In June 1965, as Washington policymakers debated escalation in South Vietnam, National Security Advisor McGeorge Bundy argued to President Lyndon Johnson that any American actions in Southeast Asia “should be judged in terms of its effect on the credibility of our commitments throughout the world.”

Four years later, little had changed. Bundy’s successor, Henry Kissinger, spoke often of potential “credibility gaps” when arguing for military force to cover President Richard Nixon’s withdrawal plans from Vietnam. After the war, Nixon was even more direct. “We did not wring our hands when it became necessary to use military force or the threat of force. Our record established our credibility,” the former president argued, and our enemies “respected it.”

For sure, both presidents conflated their personal prestige with matters of national honor. In the end, however, both Johnson and Nixon acknowledged that credibility on the world stage was an integral party of American grand strategy, if not U.S. foreign policy writ large. It would seem General Mattis thinks along similar lines. So, too, do various other commentators concerned about President Trump’s precipitate withdrawal from Syria.

Yet if Trump’s recent policy pronouncements suggest he may not fully be considering how his actions might portend long-term consequences for U.S. credibility, it is incumbent upon all of us to start asking hard questions about how much “credibility” should drive American foreign policy and grand strategy.

The Syrian parallels to the Vietnam debate already are present. Analysts have argued that the U.S. withdrawal from Syria is “an abandonment of America’s key allies,” a key refrain of American hawks who blamed Congress for not continuing its support to the failed Saigon regime. But few of these foreign-policy specialists, now and then, offered tangible evidence for how a U.S. withdrawal would irrevocably damage American credibility overseas.

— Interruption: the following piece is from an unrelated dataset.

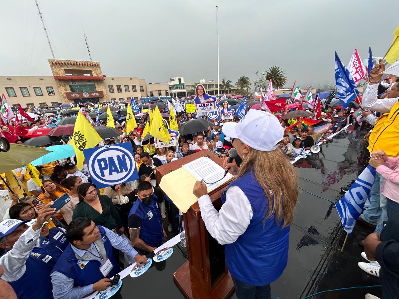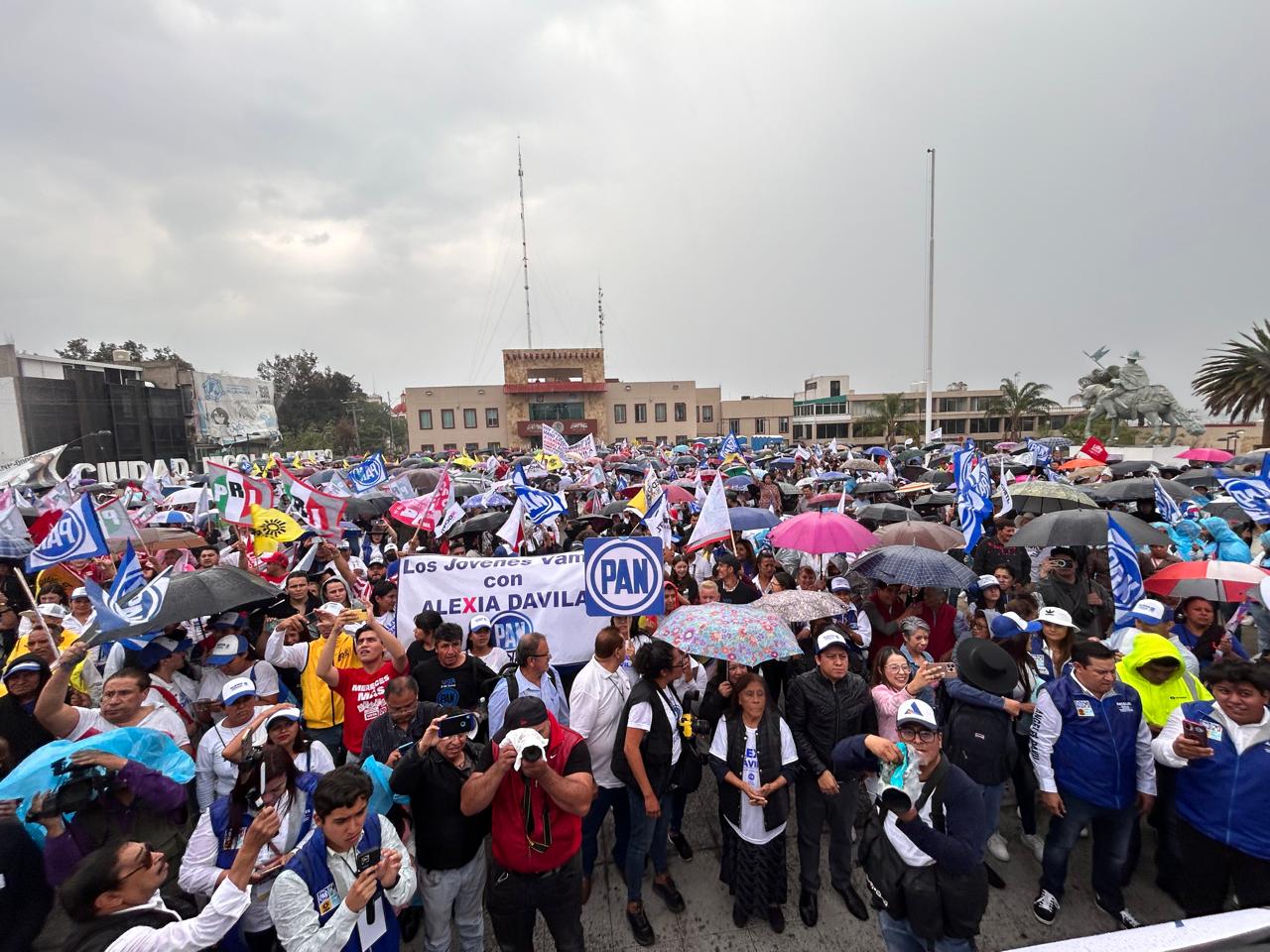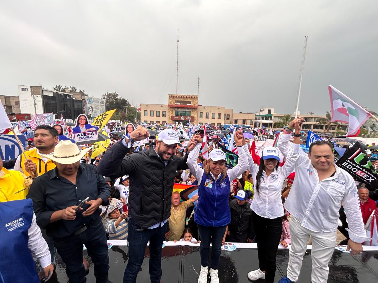NICOLÁS ROMERO, Méx.– Con gritos y porras fue recibida Ángeles Dávila Vargas, candidata a la presidencia municipal de Nicolás Romero, por el PAN, PRI, PRD y Nueva Alianza, por miles de personas que acudieron a su cierre de campaña en la explana del Palacio Municipal.

Moreover, Americans, regardless of political party, should candidly question when a president’s individual prestige becomes so overtly intertwined with that of the nation. Far too often that happened during the war in Vietnam. It is hubris to fight wars or dismantle alliances simply to indulge a president’s personal whims. But so, too, is it misguided to sacrifice blood and treasure for the sole reason of an undefined sense of national credibility. Decisions on American grand strategy need to be more than just about the nation’s prestige.

We might ask, then, who most defines our nation’s credibility? Is it a mercurial president who reflexively lashes out at those he perceives have slighted him? Is it a Secretary of Defense who traveled extensively to shore up nervous allies in the wake of the president’s latest tweet tirades? And what role do we as American citizens play?

Our nation’s credibility should include a common sense of our basic values, a commitment to ideals that elevate rather than degrade the nation in the eyes of the world. It involves trust that is earned. It should be about being seen as dependable by our friends and predictably stalwart by our enemies. And alone, it should never serve as the president’s primary call for using military force simply for the goal of maintaining a vague sense of national honor or prestige.

If we, America’s citizens, are worried about the nation’s credibility abroad in these turbulent times, then we need to be more precise in how, collectively, we want define this term. And, just as importantly, we should more forcefully ask our policymakers to better articulate how our “credibility” is linked to our national-security interests.

Gregory A. Daddis is associate professor of history and director of the MA Program in War and Society Studies at Chapman University. He is author of Withdrawal: Reassessing America's Final Years in Vietnam.